Tariffa di mano d’opera eccessiva: Questa credo sia la parte su cui riflettere di più,infatti a questa carrozzerie e’ stato richiesto di portare un certo numero di documenti fiscali per vedere se era coerente nella fatturazione e ha chiamato come testi due periti che probabilmente erano a conoscenza del fatto che codesta carrozzeria fatturava spesso tariffe più basse a altre compagnie. In effetti essere fiduciari di una compagnia e lavorare con tariffe scontate può portare a rimetterci anche con le compagnie con le quali si utilizza la cessione applicando una tariffa non scontata.
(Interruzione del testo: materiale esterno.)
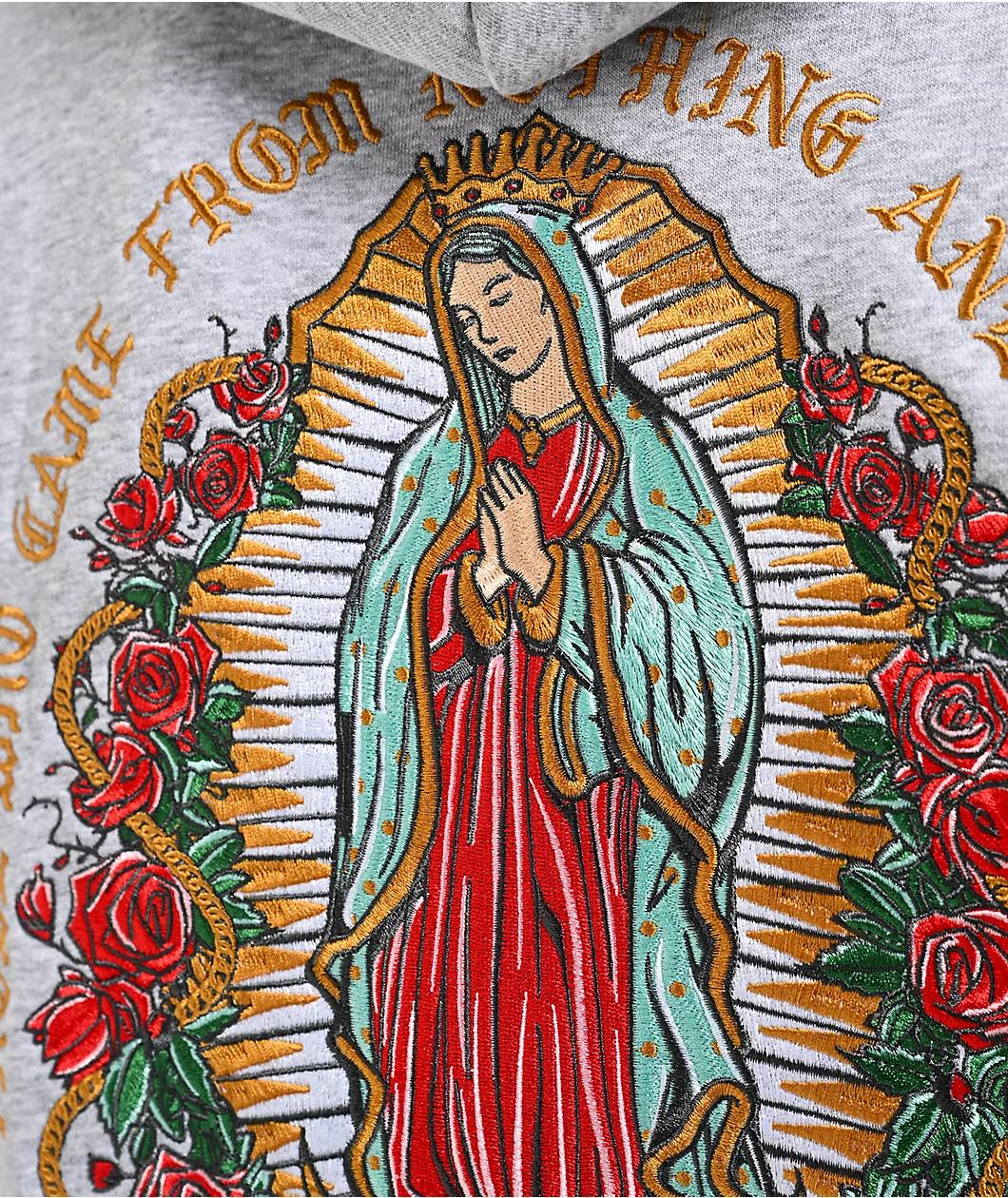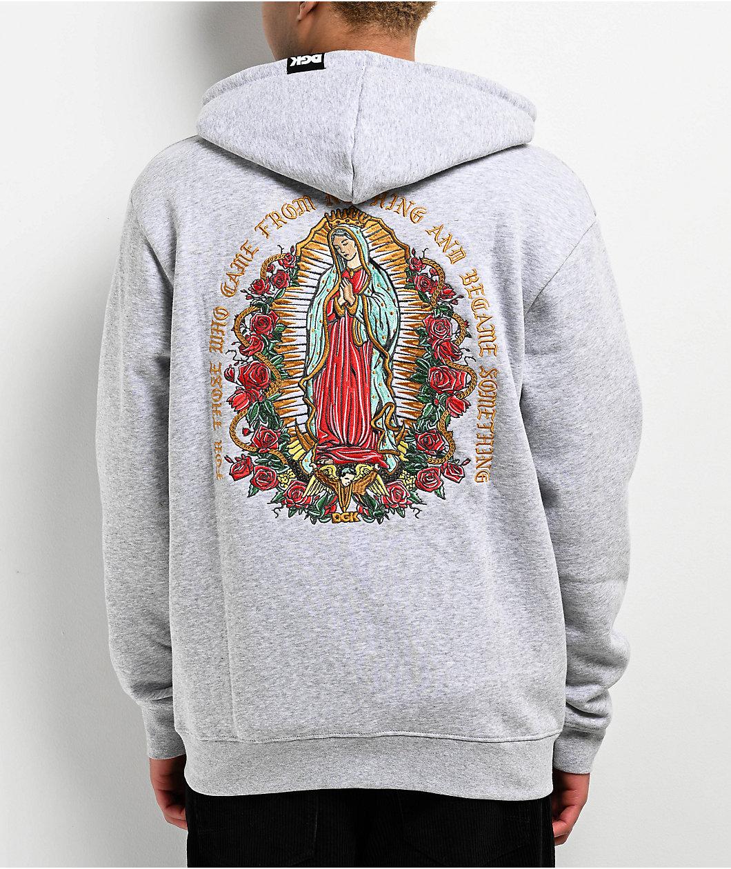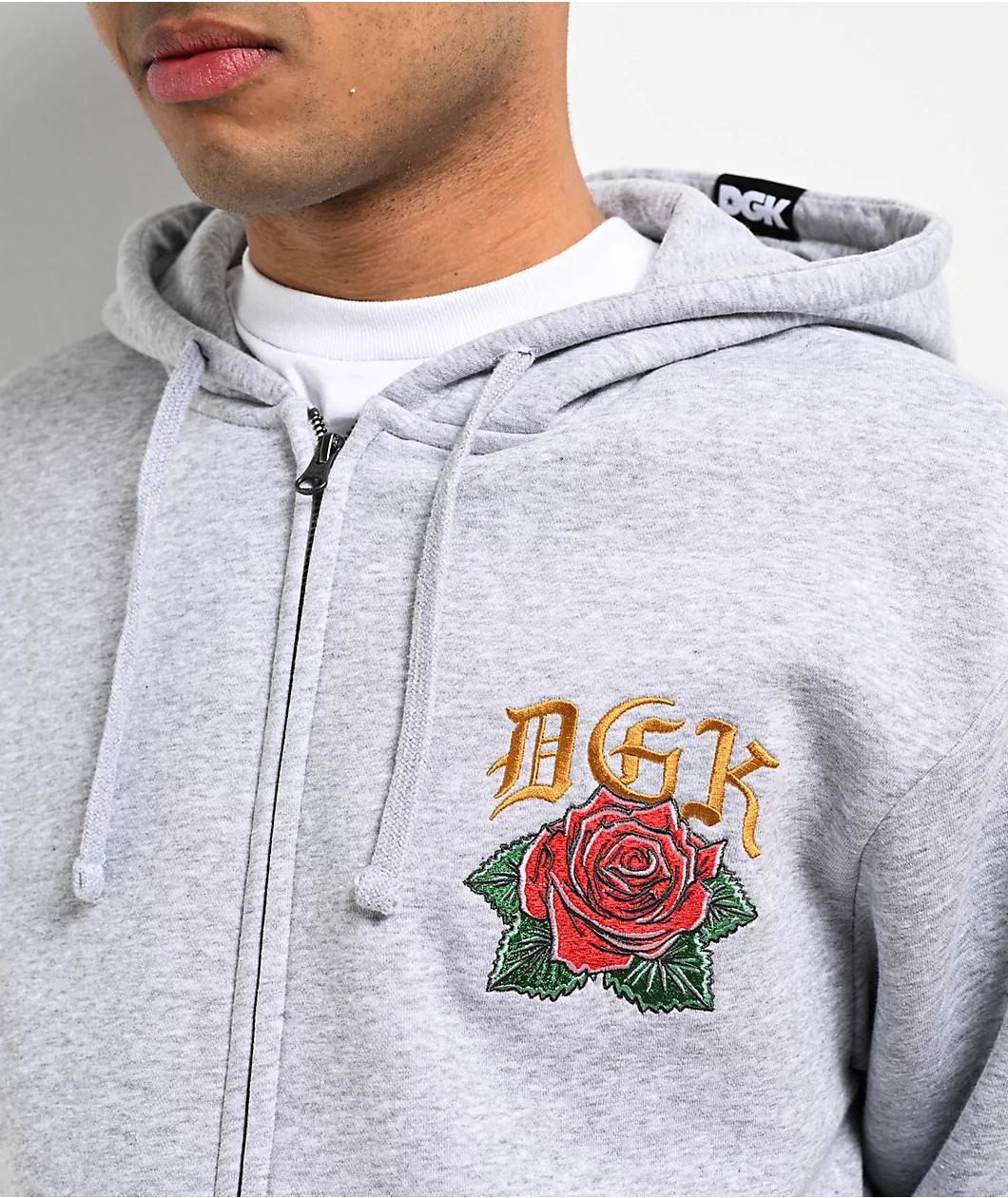 For those who come from nothing, DGK presents the Guadalupe hoodie in a grey cotton blend construction with a full zip closure and embroidered graphics for a high-end look. The front offers a detailed rose and branding on the left chest, while the ba

Per evitare il problema di vedersi negare la propria tariffa a fronte di documenti precedenti che comprovano gli sconti fatti a altri vi consiglio di indicare in fattura SEMPRE la vostra tariffa di mano d’opera esposta, ed eventualmente quando riparate vetture con condizioni particolari (flotte, convenzioni, fiduciariato ,concessionari ecc.) affianco alla tariffa mettete lo sconto, sia nel preventivo che nel documento fiscale es: tariffa 35.00 più Iva sconto 15 %. Nessuno può vietare di adottare scontistiche a un cliente che ci porta molte vetture da riparare. Facendo questa modifica ai documenti vedrete anche quanto sconto stiamo facendo al clienti (vedi Arval) Altra cosa importante ,per determinare la vostra tariffa di manodopera chiedete al vostro commercialista di calcolarla,non lasciate che siano altri a farlo ,vedrete che sorprese. Uno strumento utile per calcolare il costo di manodopera della vostra azienda è presente nel portale www.ilcarrozziere.it .

Ringrazio lo Studio di Infortunistica Stradale Bordoni di Bologna per avermi fornito il documento che vi allego.

P.S I consigli che vi ho riportato sono consigli da carrozziere che si basano sulle esperienze della mia azienda. Se volete informazioni più dettagliate rivolgetevi ai vostri avvocati o alle vostre associazioni di categoria.